EA   - Elemental Analysis of C, H, N, S and O.

Flash EA-1112 Elemental Analyzer

The Flash EA 1112 Elemental Analyzer is used for determination of total carbon (C), hydrogen (H), nitrogen (N), sulfur (S) and oxygen (O).

The instrument is used for analyses of a wide range of organic and inorganic samples such as soils and sediments, plant tissue, pharmaceuticals, fuels, polymers, and many others. The chemical characterization of organic compounds plays an important role in all processes of synthesis and analysis of organic compounds for both research and quality control purposes. In many cases it is possible to achieve a complete characterization of a compound in a single analysis run.

Sample Preparation. The analyzed sample is expected to represent the tested material faithfully. The size of the sample, its water content the degree of milling and homogenization should be chosen and controlled to that end.

Organic compounds including pharmaceutical products are frequently used without any pre-treatment, if known to be fully homogeneous. Soils, grain samples and other plant material are dried first and then ground with a mill, down to a particle size of 0.2 to 0.5 mm in diameter. Protein or fat samples are frozen with liquid nitrogen before they are ground. The material becomes brittle allowing easier powder formation. Plastics, polymers, paper, rubber etc., are similarly ground using liquid nitrogen.

Elemental Analysis reactor

Dynamic Flash Combustion.  A small amount of the sample to be analyzed, typically 2-3 mg, is now wrapped in a small tin-foil capsule and weighed with a microbalance to the nearest 1 microgram. Samples are placed in the MAS 200 Autosampler drum, where they are purged with helium, which serves as the carrier gas for the whole process. Each sample, in turn, is dropped into the combustion reactor: a vertical quartz tube, maintained at 1020oC and packed with two separate layers of catalysts which facilitate the next stages of the process.
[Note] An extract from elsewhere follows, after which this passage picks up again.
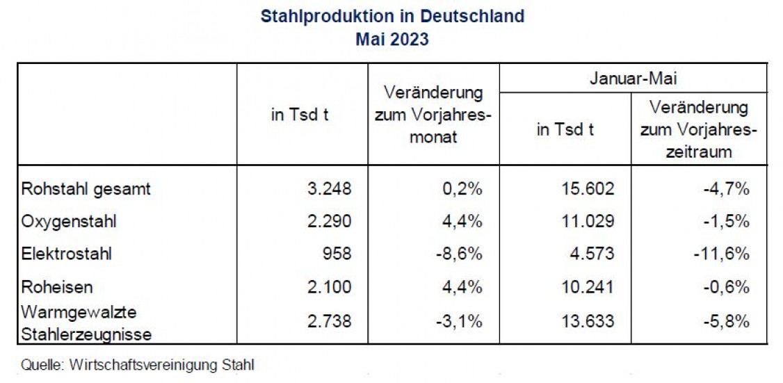 Die Rohstahlerzeugung in Deutschland befindet sich im Mai 2023 mit 3,2 Millionen Tonnen weiterhin auf einem niedrigen Niveau. Im bisherigen Jahresverlauf wird damit der Vergleichswert des Vorjahres um 5 Prozent unterschritten.

Oxidation Stage.   As a sample is dropped into the furnace, the helium stream is temporarily enriched with pure oxygen. The sample and its container melt and the tin promotes a violent flash combustion, elevating the temperature further to well above 1800oC. The sample is vaporized and combusted to form CO2, H2O, SO2 and nitrogen oxides. The cloud of hot gases is now pushed down the reactor by the carrier gas, passing over a layer of a copper oxide catalyst which promotes complete oxidation of all elements.

Reduction Stage.   The mixture of combustion gases is next pushed through a layer of closely packed pure-copper wires which removes the excess of oxygen gas and reduces the different nitrogen oxides to elemental nitrogen. Also, SO3 is reduced at this stage to SO2.

Chromatographic Separation.  The gas mixture is now swept by the carrier gas to the chromatographic column where the individual components are separated as Nitrogen, Carbon dioxide, Water and Sulfur dioxide.

A Thermal Conductivity Detector (TCD), connected to the carrier-gas pathway after the column, detects the different gases as they come out of the column with different retention times.

The TCD is a universal detector responding to most compounds including gases such as oxygen, nitrogen, and carbon dioxide. The TCD consists of sample and reference flow cells drilled into a metal block. Tungsten-Rhenium filaments which exhibit temperature-dependent electrical resistance are suspended in each flow cell.

The electrical current flowing through the filaments heats them up and the heat is dissipated by the carrier gas flow around the filaments. When a analyte peak is eluted from the column, the different thermal conductivity of the carrier-analyte mixture causes a change in the filament temperature in the sample cell while the reference temperature remains constant. The change in filament resistance caused by an analyte passing through the sample flow cell is measured with a Wheatstone bridge circuit.

The TCD signal is presented as a function of time in a chromatogram. The signal is digitized and the area under each peak is integrated by the computer, and compared with calibration curves obtained for the different elements with standard compounds.

EA Chromatogra

A complete report is automatically generated by the Eager 300 software and displayed at the end of each analytical cycle. The previously recorded weight of a sample is now used to calculate the concentrations of the four elements - C, H, N, and S as "% by weight".

Calibration. Pure organic compounds are used to calibrate and validate the system. Several standards are available, covering a wide range of element compositions. The chosenstandards should be as similar as possible to the analyzed samples.

"Memory Effect" is usually minimal but should be checked if samples with a low content of an element are to be analyzed right after samples with high proportions of that element. An empty tin capsule, serving as a blank, can be used to estimate the extent of the memory effect.